Excerpted records:
*** Block opens ***

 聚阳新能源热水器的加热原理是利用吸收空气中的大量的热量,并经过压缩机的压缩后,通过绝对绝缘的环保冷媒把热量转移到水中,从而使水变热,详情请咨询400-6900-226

*** Block closes ***
*** Block opens ***

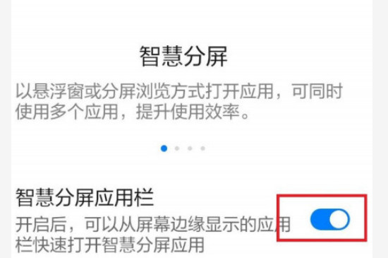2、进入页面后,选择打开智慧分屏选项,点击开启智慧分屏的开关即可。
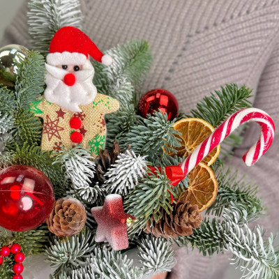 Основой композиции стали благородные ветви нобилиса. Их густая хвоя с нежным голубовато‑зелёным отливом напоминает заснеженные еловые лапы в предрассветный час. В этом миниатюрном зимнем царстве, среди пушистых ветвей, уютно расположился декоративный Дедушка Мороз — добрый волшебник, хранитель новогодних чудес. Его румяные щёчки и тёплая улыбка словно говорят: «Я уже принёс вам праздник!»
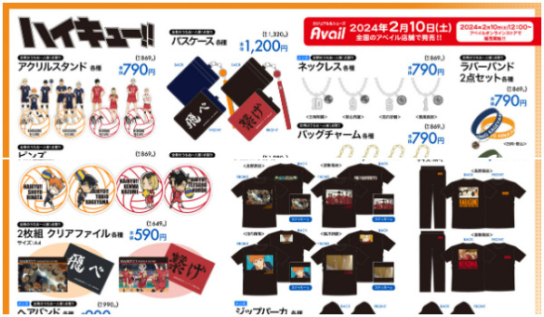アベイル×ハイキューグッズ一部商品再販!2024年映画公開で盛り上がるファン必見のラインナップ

*** Block closes ***
*** Block opens ***

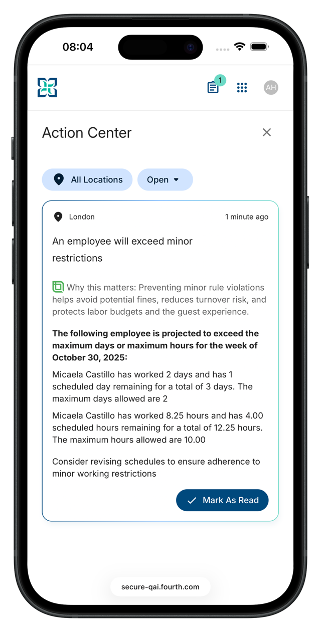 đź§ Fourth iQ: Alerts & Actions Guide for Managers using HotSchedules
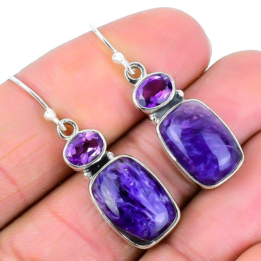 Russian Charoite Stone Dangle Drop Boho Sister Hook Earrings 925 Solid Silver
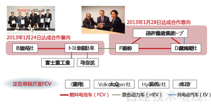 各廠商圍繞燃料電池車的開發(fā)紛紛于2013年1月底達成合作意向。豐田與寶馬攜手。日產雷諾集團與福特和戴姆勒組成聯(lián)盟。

*** Block closes ***

What you are asked to do:
Start at the line above containing "Russian Charoite Stone" and stop at the line containing "各廠商圍繞燃料電池車的開發(fā)紛紛于": print those lines and everything between them exactly, but not the pictures.

Solution for this exercise:
 Russian Charoite Stone Dangle Drop Boho Sister Hook Earrings 925 Solid Silver
 各廠商圍繞燃料電池車的開發(fā)紛紛于2013年1月底達成合作意向。豐田與寶馬攜手。日產雷諾集團與福特和戴姆勒組成聯(lián)盟。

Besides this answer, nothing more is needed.